Summary

La diferenciación condrogénica de inducción de las células madre derivadas de tejido adiposo por la gravedad centrífuga

Published: February 24, 2017
doi:

Summary

Mechanical stress can induce the chondrogenic differentiation of stem cells, providing a potential therapeutic approach for the repair of impaired cartilage. We present a protocol to induce the chondrogenic differentiation of adipose-derived stem cells (ASCs) using centrifugal gravity (CG). CG-induced upregulation of SOX9 results in the development of chondrogenic phenotypes.

Abstract

Impaired cartilage cannot heal naturally. Currently, the most advanced therapy for defects in cartilage is the transplantation of chondrocytes differentiated from stem cells using cytokines. Unfortunately, cytokine-induced chondrogenic differentiation is costly, time-consuming, and associated with a high risk of contamination during in vitro differentiation. However, biomechanical stimuli also serve as crucial regulatory factors for chondrogenesis. For example, mechanical stress can induce chondrogenic differentiation of stem cells, suggesting a potential therapeutic approach for the repair of impaired cartilage. In this study, we demonstrated that centrifugal gravity (CG, 2,400 × g), a mechanical stress easily applied by centrifugation, induced the upregulation of sex determining region Y (SRY)-box 9 (SOX9) in adipose-derived stem cells (ASCs), causing them to express chondrogenic phenotypes. The centrifuged ASCs expressed higher levels of chondrogenic differentiation markers, such as aggrecan (ACAN), collagen type 2 alpha 1 (COL2A1), and collagen type 1 (COL1), but lower levels of collagen type 10 (COL10), a marker of hypertrophic chondrocytes. In addition, chondrogenic aggregate formation, a prerequisite for chondrogenesis, was observed in centrifuged ASCs.

Introduction

Los defectos en el cartílago articular no se curan de forma natural. En consecuencia, trasplante de células madre ha sido propuesta como un enfoque prometedor para la reparación de cartílago deteriorado. Sin embargo, este método requiere tanto la adquisición de un número suficiente de células madre y la inducción de estas células a someterse a la diferenciación condrogénica. La médula ósea (BM) se ha usado ampliamente como una fuente de células madre, pero el aislamiento de células de BM tiene dos desventajas principales: invasión y de rendimiento insuficiente. Debido a su facilidad de adquisición, el tejido adiposo es una fuente preferida de células madre. Estudios previos demostraron la factibilidad de aislamiento de células madre a partir de tejido adiposo y la inducción de la diferenciación condrogénica en estas células por medio de citocinas, tales como TGF-β1 1, 2. Estos métodos son eficaces, pero caro.
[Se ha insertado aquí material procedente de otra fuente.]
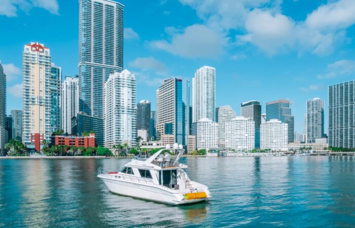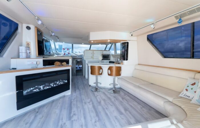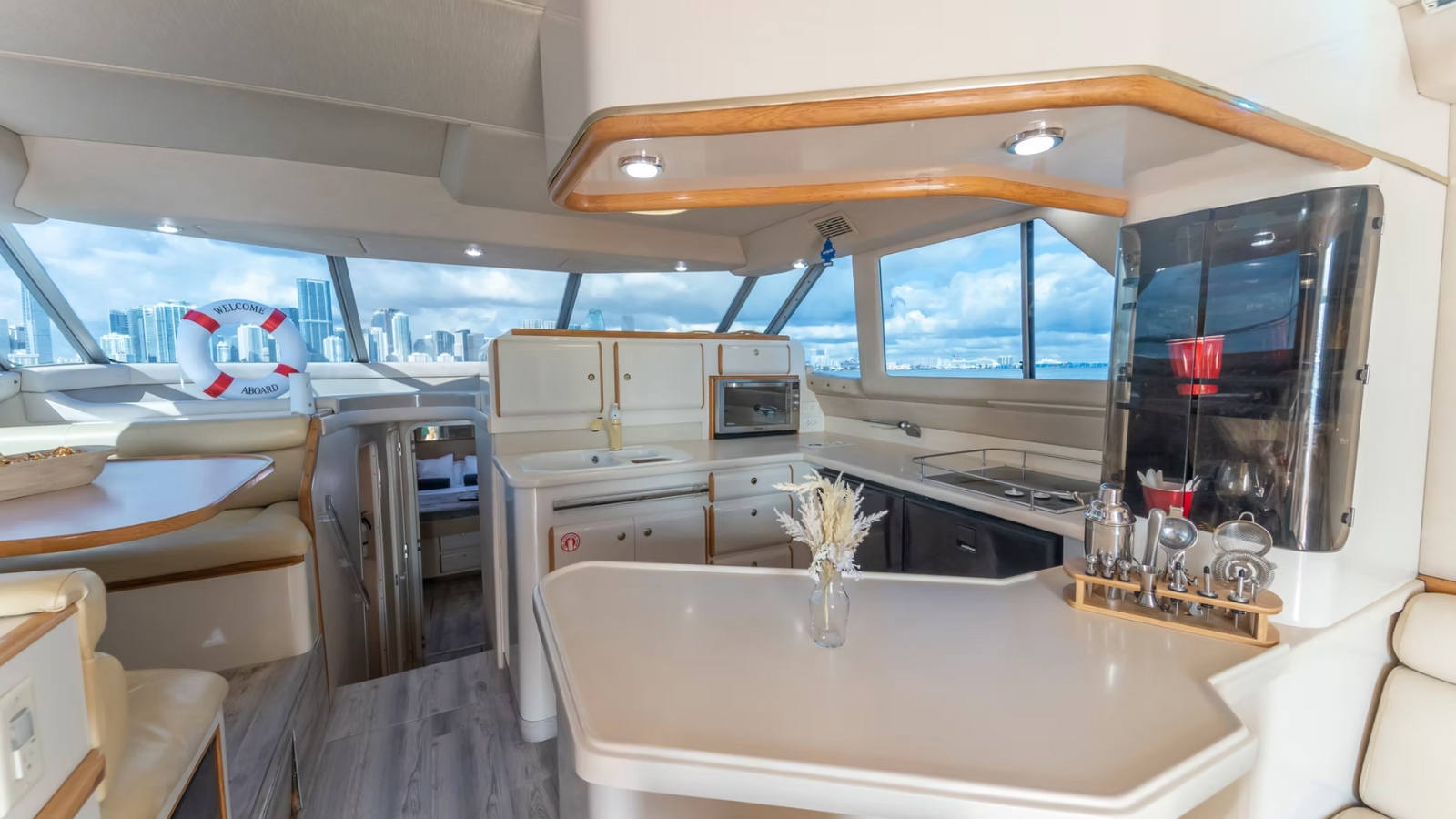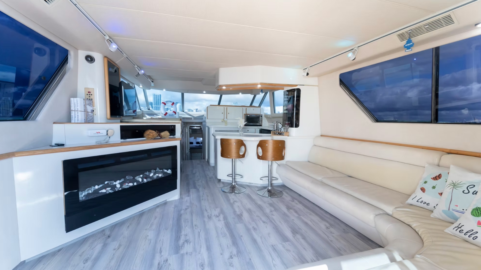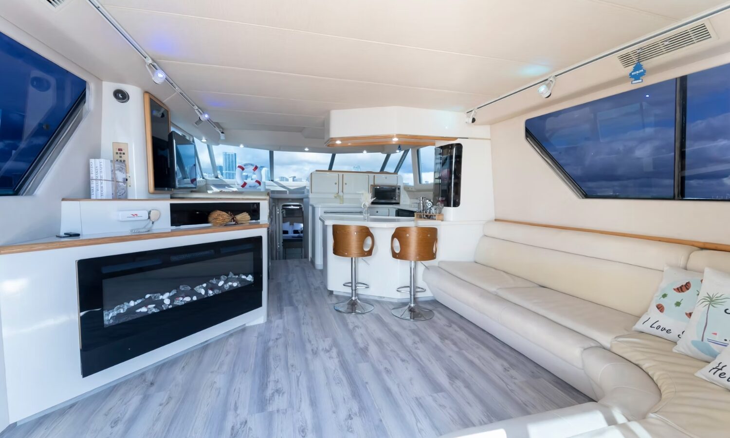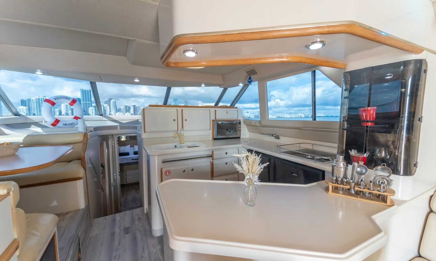 With a spacious flybridge providing panoramic ocean views, expansive sun decks, plush lounge areas, luxurious en-suite cabins, a fully equipped galley, and a high-end entertainment system, the Epic II 60′ delivers the perfect blend of relaxation and adventure. Whether you’re planning a Miami yacht party, a sunset cruise, or a weekend escape, this yacht ensures an exceptional yachting experience.

Como una alternativa de bajo costo para las citoquinas, la tensión mecánica se puede utilizar parainducir la diferenciación condrogénica. Carga mecánica juega un papel crítico en el mantenimiento de la salud del cartílago articular 3, y que puede inducir fenotipos condrogénicas en diversas células. Por ejemplo, la presión hidrostática induce fenotipos condrogénicas en las células progenitoras sinovial derivado a través de la vía de la MAP quinasa / JNK 4, y la compresión mecánica induce condrogénesis en células madre mesenquimales humanas (MSCs) upregulating genes chondrocytic 5. Además, la tensión de cizallamiento contribuye a la expresión de la matriz extracelular relacionados condrogénesis-(ECM), en MSC humanas 6. Gravedad centrífuga (CG), una tensión mecánica fácilmente aplicada y controlada generada por centrifugación, se puede inducir la expresión génica diferencial en las células 7. Por ejemplo, en células de carcinoma de pulmón epiteliales, la expresión de la interleucina 1b (IL) es upregulated por centrifugación 8. Tor lo tanto, como una tensión mecánica experimentalmente inducible, CG se puede utilizar para inducir la expresión de genes en las células madre chondrocytic. Sin embargo, no queda claro si CG puede inducir la diferenciación condrogénica de las células madre.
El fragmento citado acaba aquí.